Because of the importance of the issue, we granted certiorari, 337 So. 2d 518 (La.1976), to review the husband's contention that a contingent fee contract cannot be included in the community because it creates no property right prior to completion of the attorney's work after the community's dissolution.
In Louisiana, all property acquired by the labor and industry of the spouses during the marriage belongs to the community of acquets and gains existing between them. Civil Code Articles 2402, 2405, 2334. Included among the assets of the community, thus subject to inventory and spouses' joint ownership at the community's dissolution, are obligations based upon the right to receive money to become due in the future, even though this right is contingent upon the happening of an event at a future time. Messersmith v. Messersmith, 229 La. 495, 86 So. 2d 169 (1956). See also T. L. James & Co., Inc. v. Montgomery, 332 So. 2d 834 (La.1976).
The defendant husband contends, however, that this principle does not apply to an attorney's contingent fee contracts. He argues:
(1) A contingent fee contract, depending on an uncertain event (winning or compromising the litigation), is an aleatory contract, Articles 1776, 2982, which creates no obligation until the happening of the event;
(2) Even if the contingent fee contract is a conditional obligation creating contemporaneously a right to enforce it upon happening of the condition, Article 2041, the right so created is only of specific enforcement, not to vest it retroactively to the contract's creation, Wampler v. Wampler, 239 La. 315, 118 So. 2d 423 (1960);
(3) Further, however classified, the contingent fee contract has no ascertainable value prior to successful completion of the work; it therefore does not form part of his patrimony at any earlier time.
We ultimately conclude that, whatever the theoretical nature of the right, a contingent fee contract creates in the husband a patrimonial asset, i.e. (in ordinary language) "property", which is acquired by him during the marriage, Article 2334, and which (to the extent that his labor and *164 industry contribute during the marriage, Article 2402) is an asset of the community existing between his wife and himself at the time of its dissolution, Article 2405.
A contingent fee contract executed between a client and his attorney is legislatively recognized as creating in the attorney an enforceable right to share in the proceeds eventually recovered. La.R.S. 37:218.[1] The obligation in his favor is, of course, subject to the suspensive condition that the outcome will be favorable, Articles 2021, 2043, and to the implied resolutory condition his interest may be divested if he does not perform the contractual services expected of him, Articles 2021, 2046.

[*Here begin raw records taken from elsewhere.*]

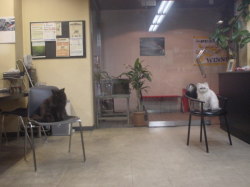 日本は地震列島でありますから、万が一に備えて日頃よりの訓練が大事ですっ! とゆー事で避難訓練の画です。グラッと来たら丈夫な物の下に潜り込んで身を守りましょう。猫用ロールケージなんちゃって。。チェアの脚部なり。
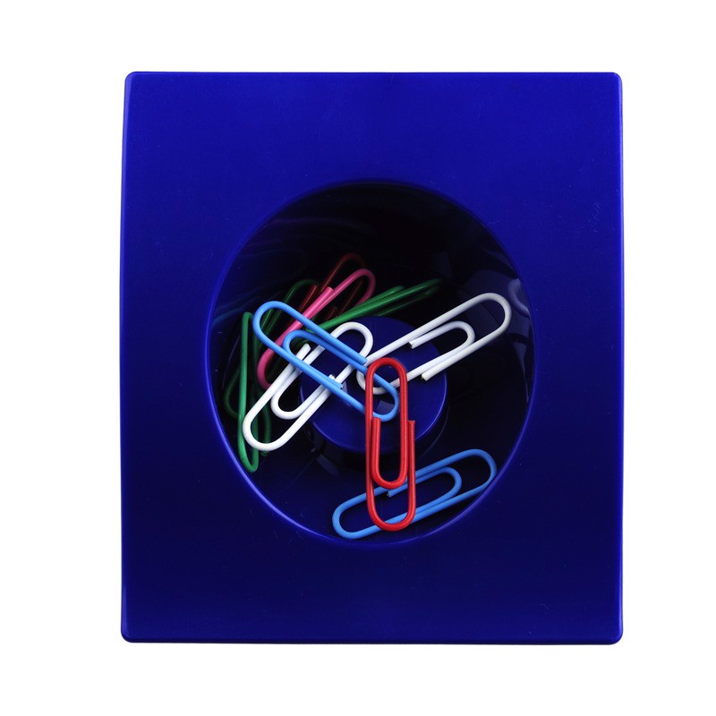 Paper clip holder made from solid color plastic. It comes with 10 clips.
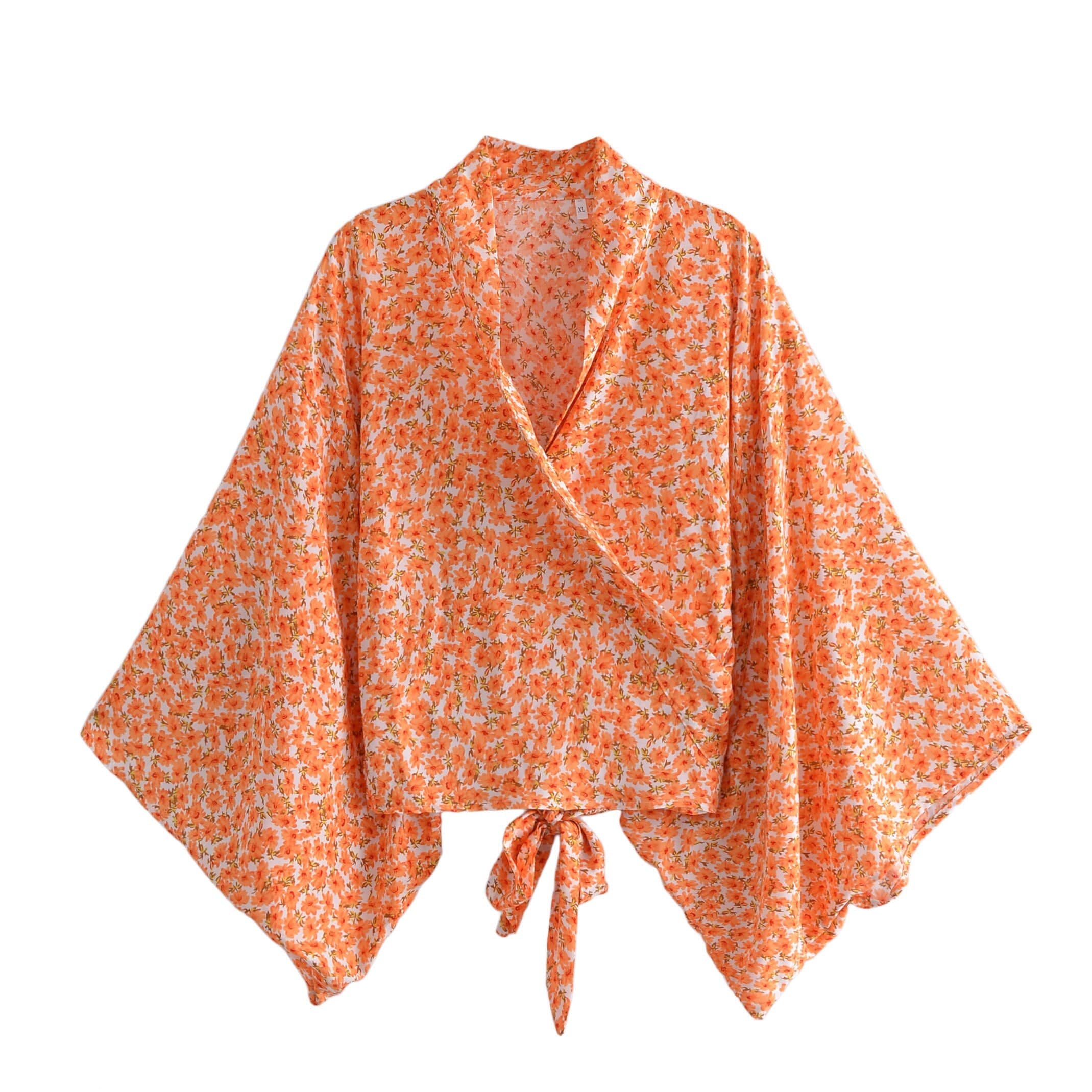Printed with delicate florals. this airy Anete Short Boho Kimono is designed to tie at the waist with a short silhouette that shows off your best high-rise jeans. Wear it over a tank and your favorite Lucky denim.
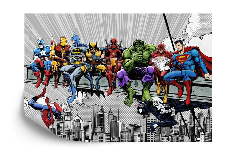 Vintage Comic Superhero Cityscape Wall Mural, Kids Room (Removable/Peel & Stick)
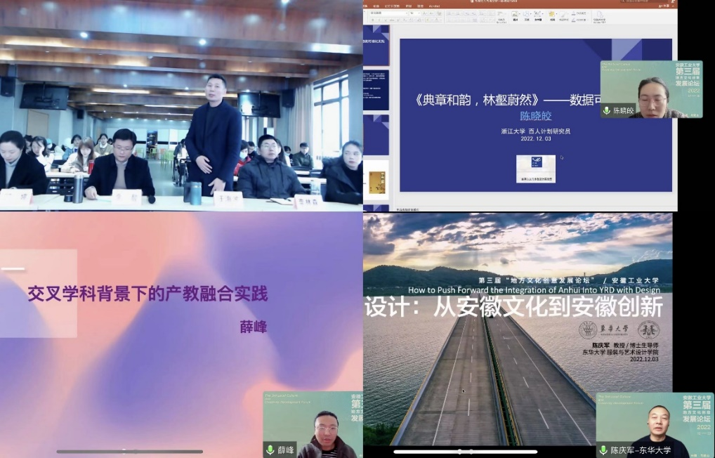 窗外数九寒天,屋内暖意盈怀!在12月3日上午的寒风中,艺术与设计学院成功举办了“第三届地方文化创意发展论坛”系列活动。浙江大学研究员、博士生导师陈晓皎,南京艺术学院传媒学院院长、博士生导师薛峰,东华大学博士生导师陈庆军作为嘉宾在线出席了论坛并做精彩报告。论坛学术召集人、艺设学院院长汪海波、副院长肖旺群、副院长庄德红,以及300余名师生代表、学界同仁参加论坛活动并聆听了报告。活动由视觉艺术设计系主任佘醒主持。

Nevertheless, "The contract of which the condition forms a part is, like all others, complete by the assent of the parties * * *." Article 2028. As noted at Planiol, Civil Law Treatise, Volume 1, sec. 319, p. 216 (LSLI translation, 1950): "The owner or creditor . . . is not therefore, properly speaking, either an owner or a creditor as long as the condition is still pending. The simple possibility of the realization of the condition, nevertheless, constitutes a chance which is already considered an asset or liability."
The defendant's characterization of the contingent fee contract as aleatory, Articles 1776, 2982, or as involving a revocable mandate by the client for the attorney to render legal services for him, Articles 2985, 3028, does not convert the attorney's property interest in the contract into a non-as-set.
(a) Aleatory contract:
The attorney's interest is "contingent" in the sense that he will be compensated for his efforts and will receive a benefit under the contract only in the uncertain event that a favorable judgment or settlement is arrived at. To this extent, the contract is an aleatory one, in which the rights and obligations of the parties depend on the happening of an uncertain event and there is a chance of either gain or loss. Articles 1776, 2982. See: 6 Litvinoff, La. Civil Law Treatise, Obligations, sections 105, 108 (1969); Planiol, cited above, Volume 2, sections 954-956.

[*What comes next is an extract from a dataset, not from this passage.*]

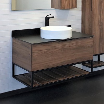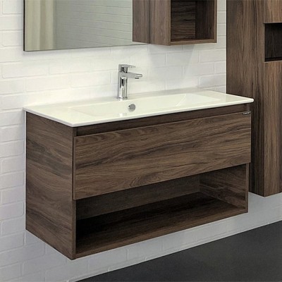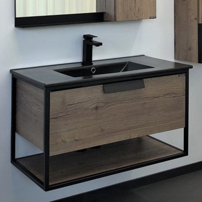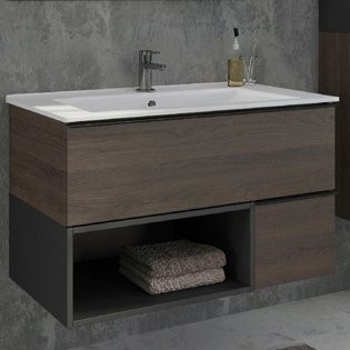 Тумба с раковиной Comforty Франкфурт 90 подвесная, дуб шоколадно-коричневый
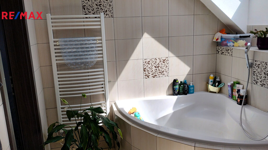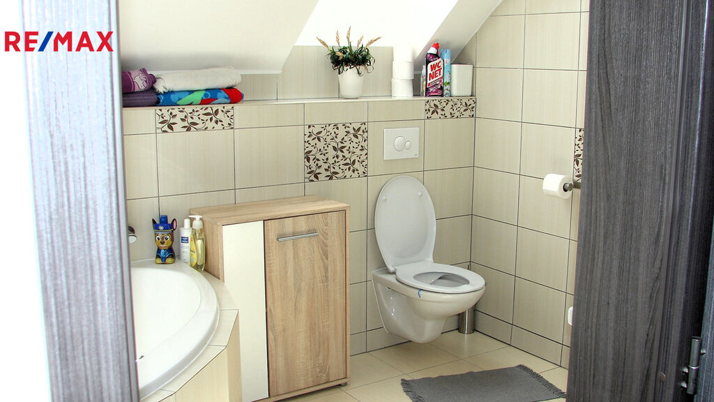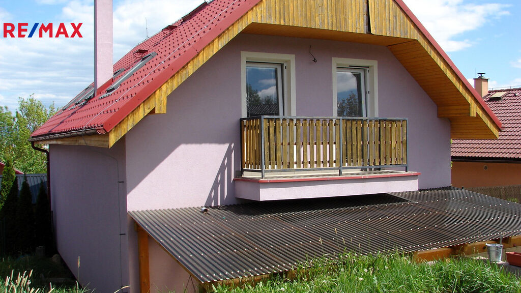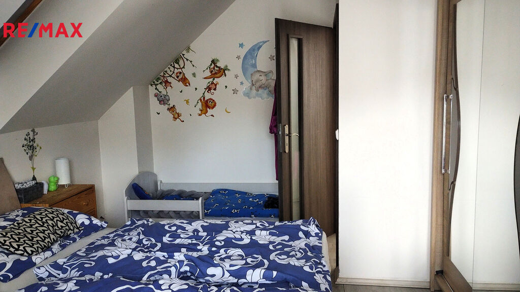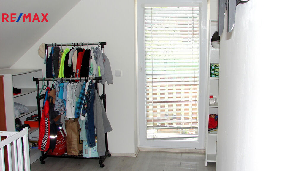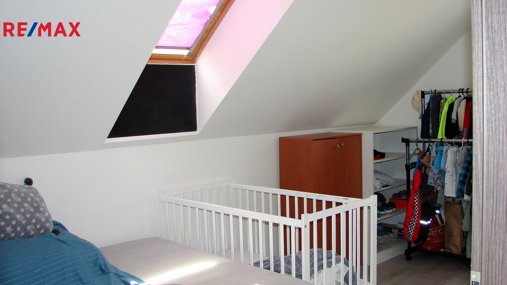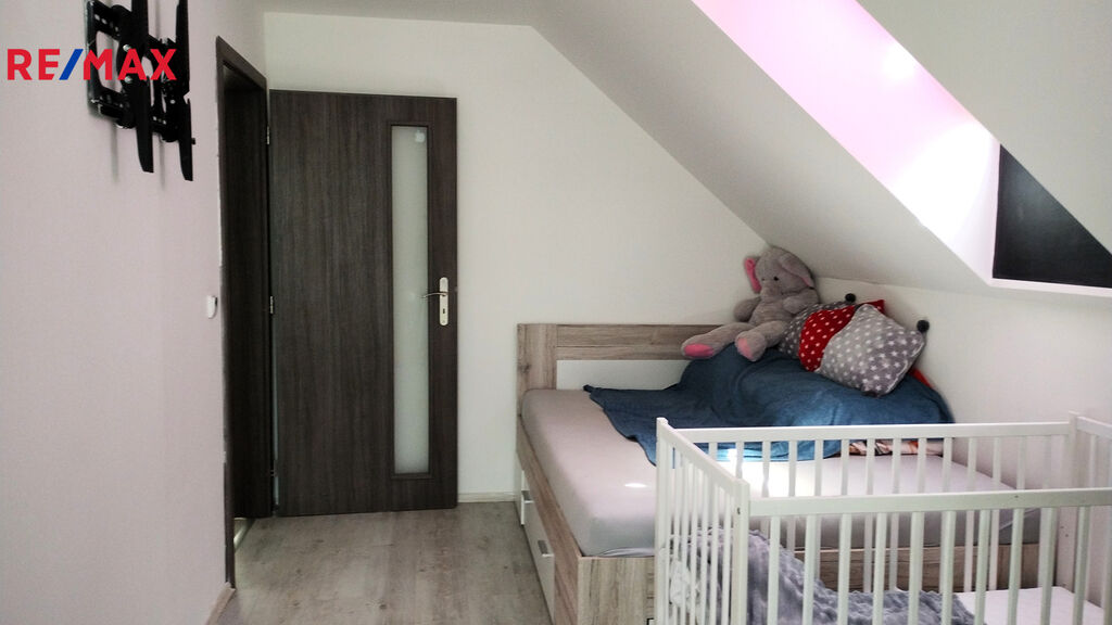 V patře se nachází ložnice se šatnou a balkónem, koupelna s rohovou vanou a další dva pokoje s výstupem na balkón a výhledem do zahrady.

However, the distinction between contracts which are certain, on the one hand, and aleatory contracts, on the other, has no significance with regard to whether the contract creates an obligation which may be a property right. The code definitions "only . . . signify that a contract which is certain is exactly the opposite of an aleatory one, meaning that it gives rise to obligations which are pure and simple, neither of which is subject to a condition." 6 Litvinoff, previously cited, p. 193.[2]
(b) Revocable mandate:
As with any other contract for the services of an attorney a contingent fee *165 contract, as the decisions cited by the defendant show, involves a mandate or agency by which the client empowers the attorney to act for him. Article 2985 et seq. The contingent fee contract is thus subject to the rules of mandate, including revocation at the will of the client-principal (Article 3028; see, e.g., Foster, Hall, Barret & Smith v. Haley, 174 La. 1019, 142 So. 251 (1932)), and expiration on the death of the attorney-agent (Article 3027, see, e.g., Succession of Zatarain, 138 So. 2d 163 (La.App.1st Cir. 1962), certiorari denied).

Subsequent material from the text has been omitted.